| Task requirements |
The answer should be the exact lines from the line containing "またコートが必要な肌寒い日や" through the last line of the material below, with no pictures.

| Dataset excerpts |
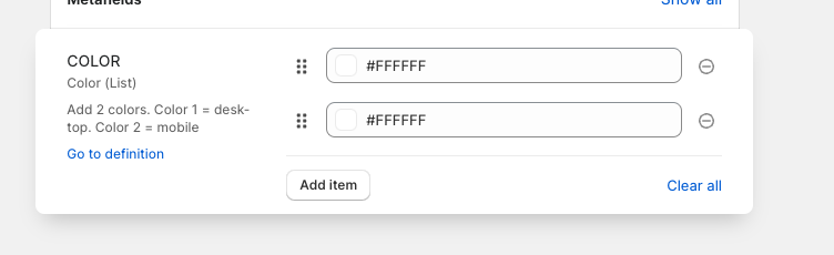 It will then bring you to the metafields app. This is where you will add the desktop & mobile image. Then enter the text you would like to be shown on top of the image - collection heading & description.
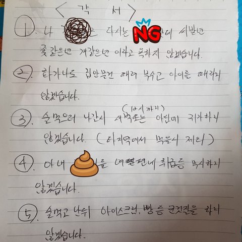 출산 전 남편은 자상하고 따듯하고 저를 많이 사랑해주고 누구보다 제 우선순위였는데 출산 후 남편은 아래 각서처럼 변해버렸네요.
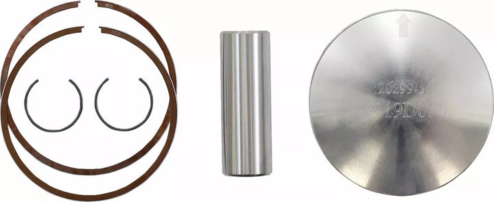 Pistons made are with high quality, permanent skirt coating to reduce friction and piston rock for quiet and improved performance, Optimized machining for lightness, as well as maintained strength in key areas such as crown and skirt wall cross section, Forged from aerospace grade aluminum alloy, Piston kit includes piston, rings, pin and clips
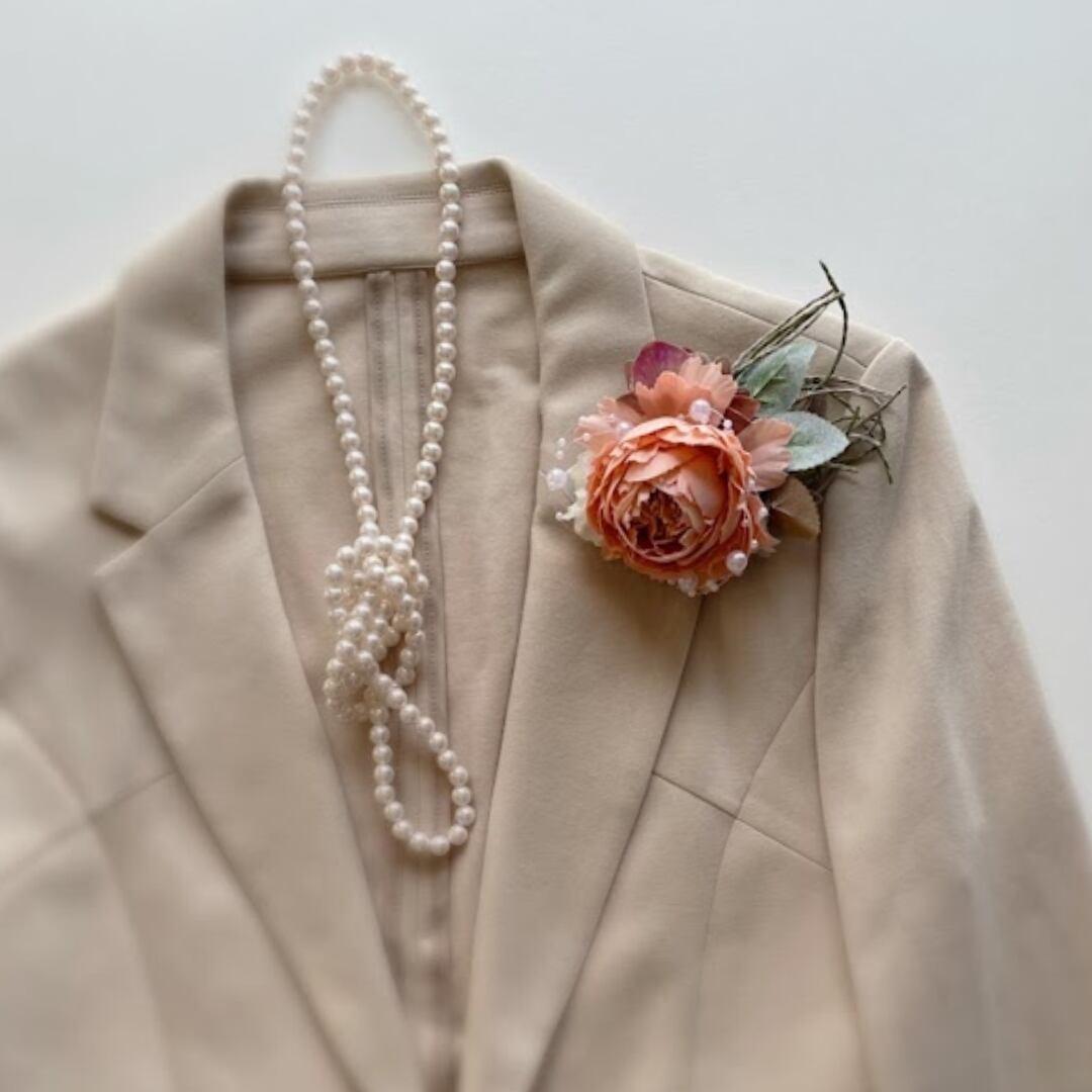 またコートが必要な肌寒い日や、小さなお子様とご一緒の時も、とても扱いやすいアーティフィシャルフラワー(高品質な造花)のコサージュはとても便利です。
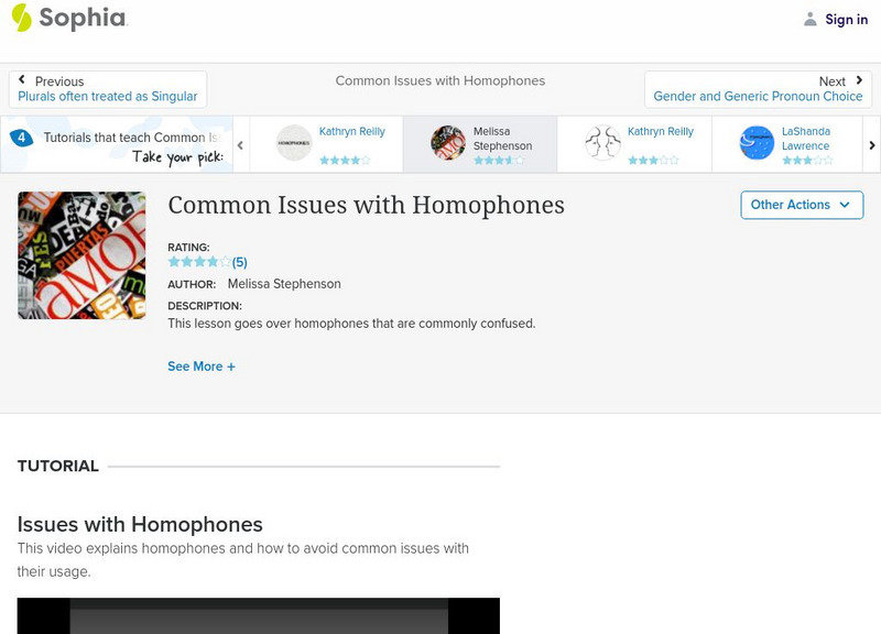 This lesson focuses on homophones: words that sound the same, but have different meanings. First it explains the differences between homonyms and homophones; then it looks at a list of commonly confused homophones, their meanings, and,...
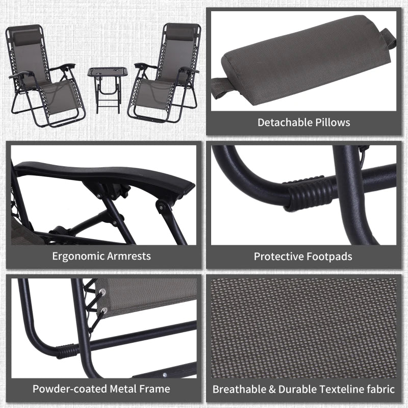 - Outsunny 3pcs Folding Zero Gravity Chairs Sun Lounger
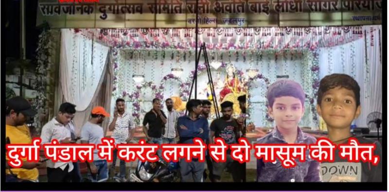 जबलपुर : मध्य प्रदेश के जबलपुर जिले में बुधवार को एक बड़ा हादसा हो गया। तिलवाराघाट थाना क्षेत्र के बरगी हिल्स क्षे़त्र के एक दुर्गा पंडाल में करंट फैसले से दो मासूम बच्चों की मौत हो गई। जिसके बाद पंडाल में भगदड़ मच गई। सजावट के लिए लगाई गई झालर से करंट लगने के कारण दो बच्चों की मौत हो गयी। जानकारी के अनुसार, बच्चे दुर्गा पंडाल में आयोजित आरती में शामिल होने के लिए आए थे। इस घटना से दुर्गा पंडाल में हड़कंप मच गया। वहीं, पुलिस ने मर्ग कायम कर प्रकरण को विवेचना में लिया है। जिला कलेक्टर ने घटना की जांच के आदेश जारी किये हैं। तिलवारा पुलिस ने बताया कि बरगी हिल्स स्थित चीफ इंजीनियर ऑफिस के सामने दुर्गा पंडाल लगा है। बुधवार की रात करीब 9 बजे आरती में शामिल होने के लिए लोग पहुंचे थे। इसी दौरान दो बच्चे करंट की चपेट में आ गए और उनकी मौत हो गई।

| Completed exercise |
 またコートが必要な肌寒い日や、小さなお子様とご一緒の時も、とても扱いやすいアーティフィシャルフラワー(高品質な造花)のコサージュはとても便利です。
 This lesson focuses on homophones: words that sound the same, but have different meanings. First it explains the differences between homonyms and homophones; then it looks at a list of commonly confused homophones, their meanings, and,...
 - Outsunny 3pcs Folding Zero Gravity Chairs Sun Lounger
 जबलपुर : मध्य प्रदेश के जबलपुर जिले में बुधवार को एक बड़ा हादसा हो गया। तिलवाराघाट थाना क्षेत्र के बरगी हिल्स क्षे़त्र के एक दुर्गा पंडाल में करंट फैसले से दो मासूम बच्चों की मौत हो गई। जिसके बाद पंडाल में भगदड़ मच गई। सजावट के लिए लगाई गई झालर से करंट लगने के कारण दो बच्चों की मौत हो गयी। जानकारी के अनुसार, बच्चे दुर्गा पंडाल में आयोजित आरती में शामिल होने के लिए आए थे। इस घटना से दुर्गा पंडाल में हड़कंप मच गया। वहीं, पुलिस ने मर्ग कायम कर प्रकरण को विवेचना में लिया है। जिला कलेक्टर ने घटना की जांच के आदेश जारी किये हैं। तिलवारा पुलिस ने बताया कि बरगी हिल्स स्थित चीफ इंजीनियर ऑफिस के सामने दुर्गा पंडाल लगा है। बुधवार की रात करीब 9 बजे आरती में शामिल होने के लिए लोग पहुंचे थे। इसी दौरान दो बच्चे करंट की चपेट में आ गए और उनकी मौत हो गई।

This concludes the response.